High-dimensional Bayesian Optimization with Group Testing
This addresses the curse of dimensionality in Bayesian optimization for practitioners, though it is incremental as it builds on existing group testing theory.
The paper tackles the challenge of high-dimensional Bayesian optimization by proposing a group testing approach to identify active variables, resulting in competitive performance against state-of-the-art methods on synthetic and real-world tasks.

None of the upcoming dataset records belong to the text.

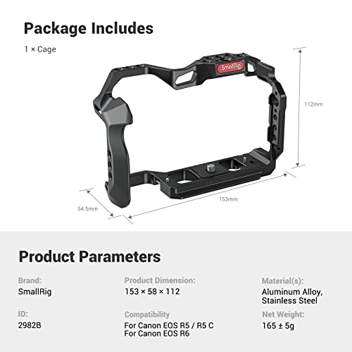 VERSIONE AGGIORNATA: SMALLRIG R5 R5C e R6 Cage 2982B è stato riprogettato. L'aspetto è più ergonomico e la funzione è stata notevolmente migliorata. Il lato destro è progettato per adattarsi alla maniglia della fotocamera per una sensazione di presa originale e confortevole.
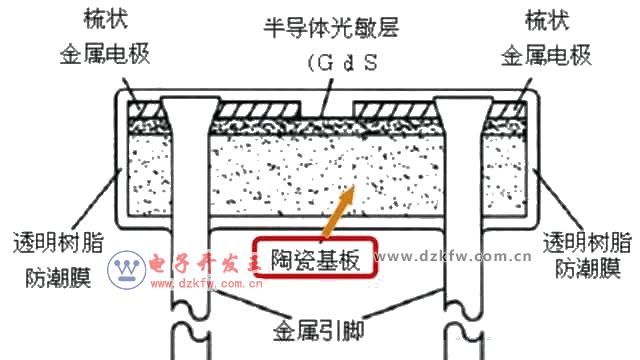 光敏電阻器的結(jié)構(gòu)入上圖所示,它的結(jié)構(gòu)包括光敏層、玻璃基片(或樹脂防潮膜)及電極。
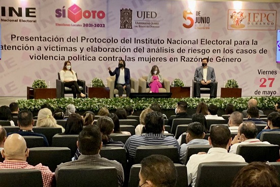 El Instituto Nacional Electoral (INE) presentó el Protocolo para la atención a víctimas y la elaboración del análisis de riesgo en los casos de Violencia Política contra las Mujeres en Razón de Género, en el marco del Proceso Electoral Local 2021-2022 en Durango.
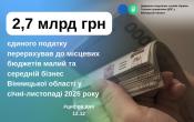 Малий та середній бізнес Вінницької області у січні-листопаді 2025 року перерахував до місцевих бюджетів 2,7 млрд грн єдиного податку.
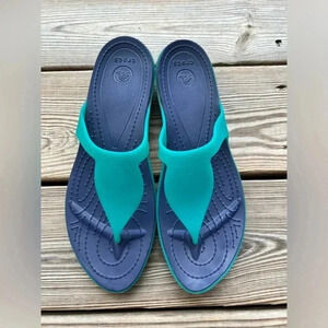 Crocs Sandals Rio Flip Women’s Tropical Teal/Navy Blue Sz 10
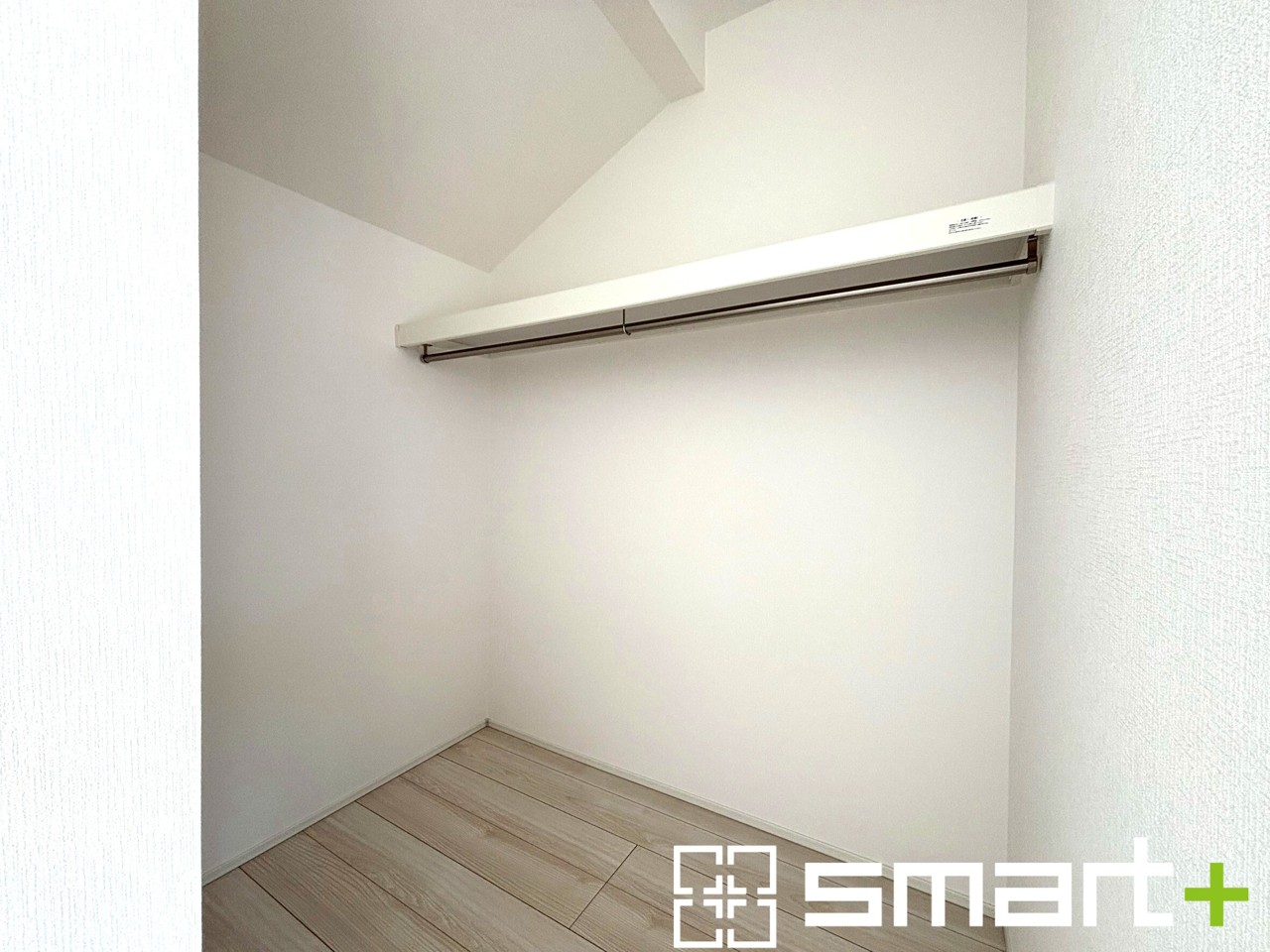 ~憧れのウォークインクローゼット~ ・居室にウォークインを設ける事で季節ものや趣味の用具などもスッキリと収納可能です。 ・ぜひ現地でその便利さをご体感くださいませ。
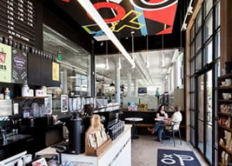 While the former factory that was to become our new office offered ample space for employee-requested amenities (like free parking, lots of collaboration spaces, a bike rack and a beer fridge), it lacked one crucial element—good local coffee; a space where creative ideas are sketched on napkins around a hot beverage and shared conversations.

Bayesian optimization is an effective method for optimizing expensive-to-evaluate black-box functions. High-dimensional problems are particularly challenging as the surrogate model of the objective suffers from the curse of dimensionality, which makes accurate modeling difficult. We propose a group testing approach to identify active variables to facilitate efficient optimization in these domains. The proposed algorithm, Group Testing Bayesian Optimization (GTBO), first runs a testing phase where groups of variables are systematically selected and tested on whether they influence the objective. To that end, we extend the well-established theory of group testing to functions of continuous ranges. In the second phase, GTBO guides optimization by placing more importance on the active dimensions. By exploiting the axis-aligned subspace assumption, GTBO is competitive against state-of-the-art methods on several synthetic and real-world high-dimensional optimization tasks. Furthermore, GTBO aids in the discovery of active parameters in applications, thereby enhancing practitioners' understanding of the problem at hand.